:: Raw data ::
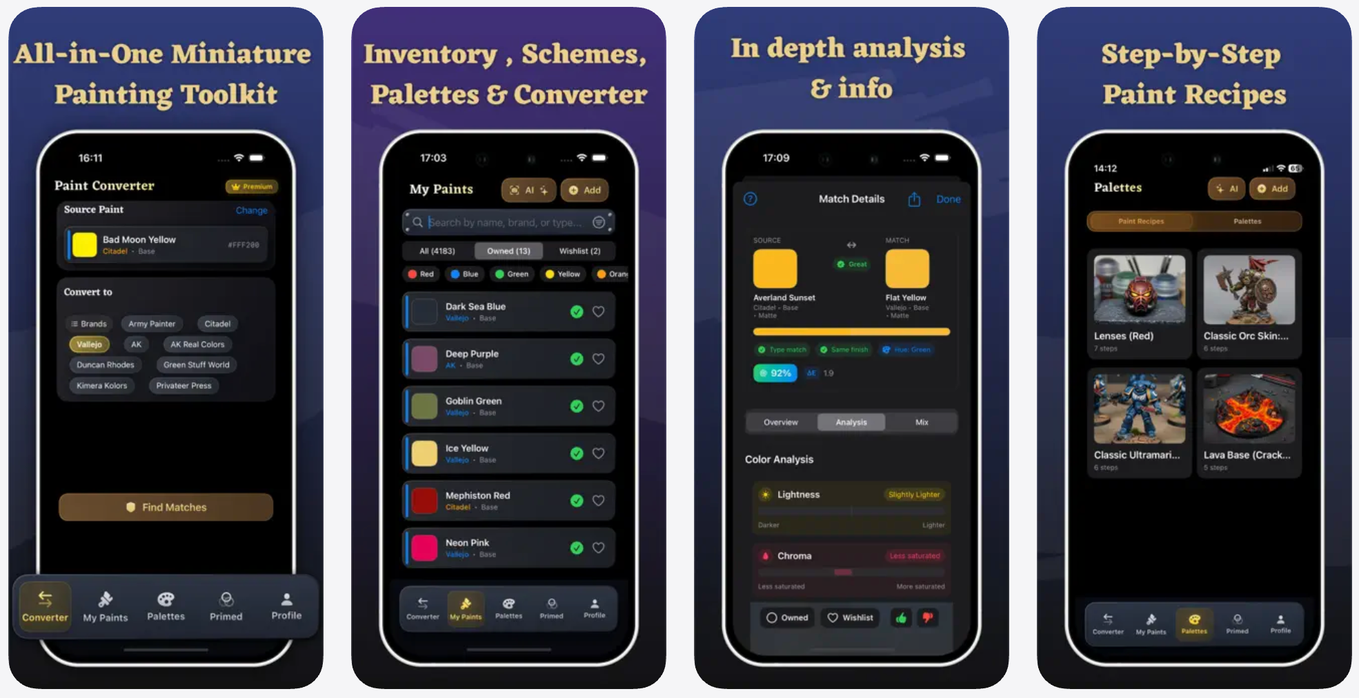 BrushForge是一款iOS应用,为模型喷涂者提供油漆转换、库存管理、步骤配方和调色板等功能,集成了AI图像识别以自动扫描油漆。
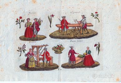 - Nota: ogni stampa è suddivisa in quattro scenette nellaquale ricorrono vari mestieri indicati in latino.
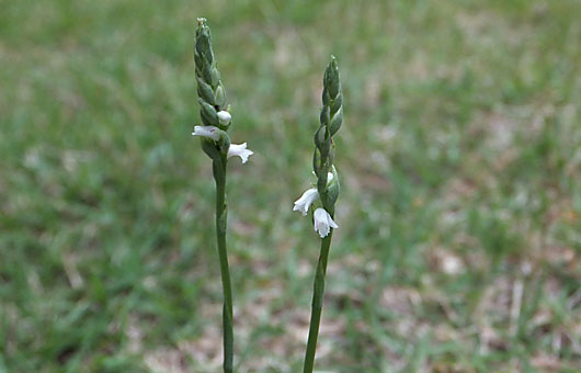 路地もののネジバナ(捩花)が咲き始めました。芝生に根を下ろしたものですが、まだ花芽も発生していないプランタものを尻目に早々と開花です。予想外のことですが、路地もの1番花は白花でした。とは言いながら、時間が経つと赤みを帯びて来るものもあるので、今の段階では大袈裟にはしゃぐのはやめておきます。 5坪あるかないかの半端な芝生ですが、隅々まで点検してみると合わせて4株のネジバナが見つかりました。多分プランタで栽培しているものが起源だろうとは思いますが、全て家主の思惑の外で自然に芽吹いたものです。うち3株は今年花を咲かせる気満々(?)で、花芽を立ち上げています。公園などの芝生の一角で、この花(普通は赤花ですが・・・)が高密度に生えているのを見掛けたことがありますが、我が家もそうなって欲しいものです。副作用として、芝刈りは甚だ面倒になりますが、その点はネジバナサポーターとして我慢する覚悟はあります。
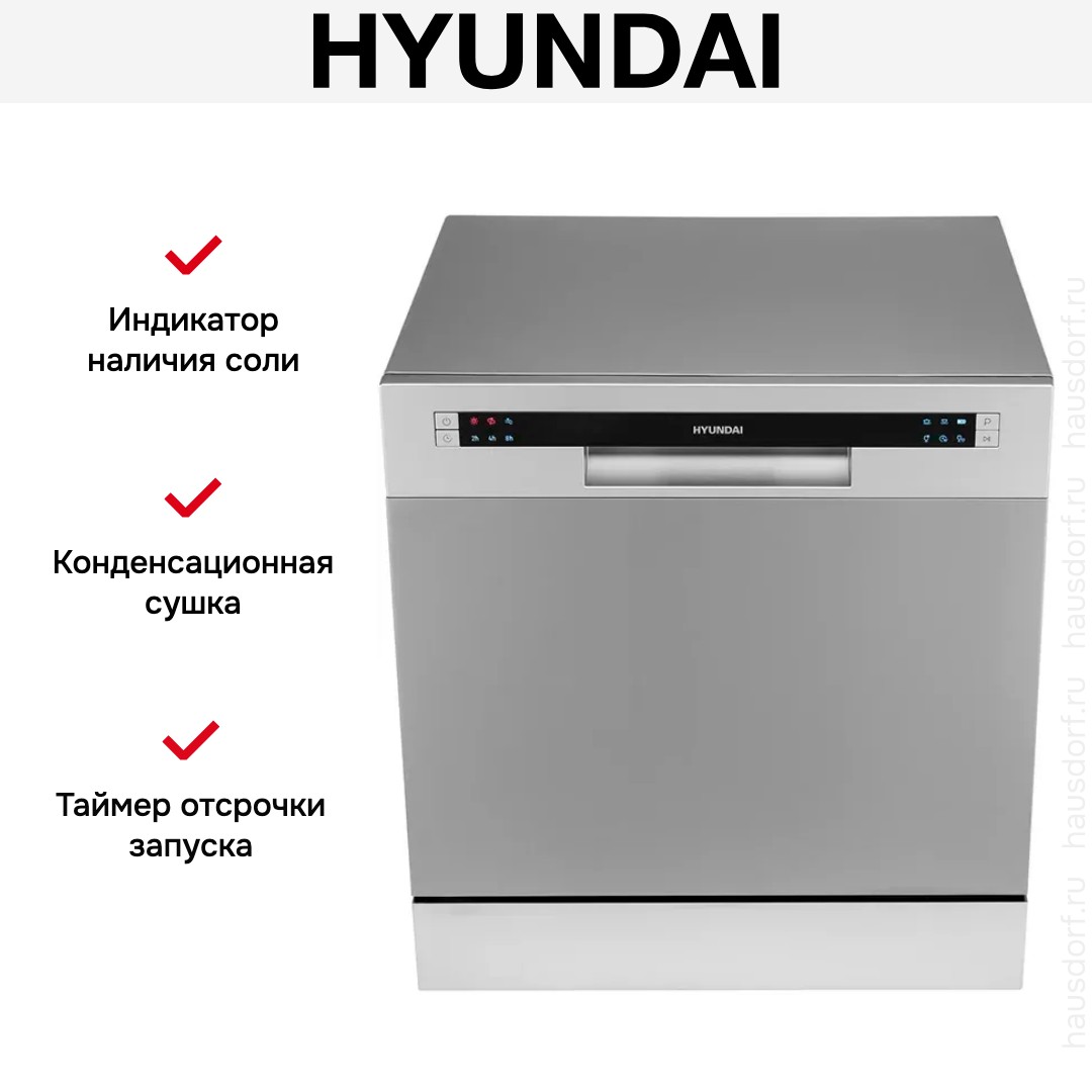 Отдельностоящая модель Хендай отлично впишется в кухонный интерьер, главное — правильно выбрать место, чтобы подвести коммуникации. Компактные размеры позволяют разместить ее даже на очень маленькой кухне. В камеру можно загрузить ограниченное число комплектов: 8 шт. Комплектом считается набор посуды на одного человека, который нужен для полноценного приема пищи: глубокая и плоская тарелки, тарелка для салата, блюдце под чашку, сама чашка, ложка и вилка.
:::
> Exercise instructions: Every line of the data above should be repeated exactly. Omit the pictures.

> Solution to this problem:
 BrushForge是一款iOS应用,为模型喷涂者提供油漆转换、库存管理、步骤配方和调色板等功能,集成了AI图像识别以自动扫描油漆。
 - Nota: ogni stampa è suddivisa in quattro scenette nellaquale ricorrono vari mestieri indicati in latino.
 路地もののネジバナ(捩花)が咲き始めました。芝生に根を下ろしたものですが、まだ花芽も発生していないプランタものを尻目に早々と開花です。予想外のことですが、路地もの1番花は白花でした。とは言いながら、時間が経つと赤みを帯びて来るものもあるので、今の段階では大袈裟にはしゃぐのはやめておきます。 5坪あるかないかの半端な芝生ですが、隅々まで点検してみると合わせて4株のネジバナが見つかりました。多分プランタで栽培しているものが起源だろうとは思いますが、全て家主の思惑の外で自然に芽吹いたものです。うち3株は今年花を咲かせる気満々(?)で、花芽を立ち上げています。公園などの芝生の一角で、この花(普通は赤花ですが・・・)が高密度に生えているのを見掛けたことがありますが、我が家もそうなって欲しいものです。副作用として、芝刈りは甚だ面倒になりますが、その点はネジバナサポーターとして我慢する覚悟はあります。
 Отдельностоящая модель Хендай отлично впишется в кухонный интерьер, главное — правильно выбрать место, чтобы подвести коммуникации. Компактные размеры позволяют разместить ее даже на очень маленькой кухне. В камеру можно загрузить ограниченное число комплектов: 8 шт. Комплектом считается набор посуды на одного человека, который нужен для полноценного приема пищи: глубокая и плоская тарелки, тарелка для салата, блюдце под чашку, сама чашка, ложка и вилка.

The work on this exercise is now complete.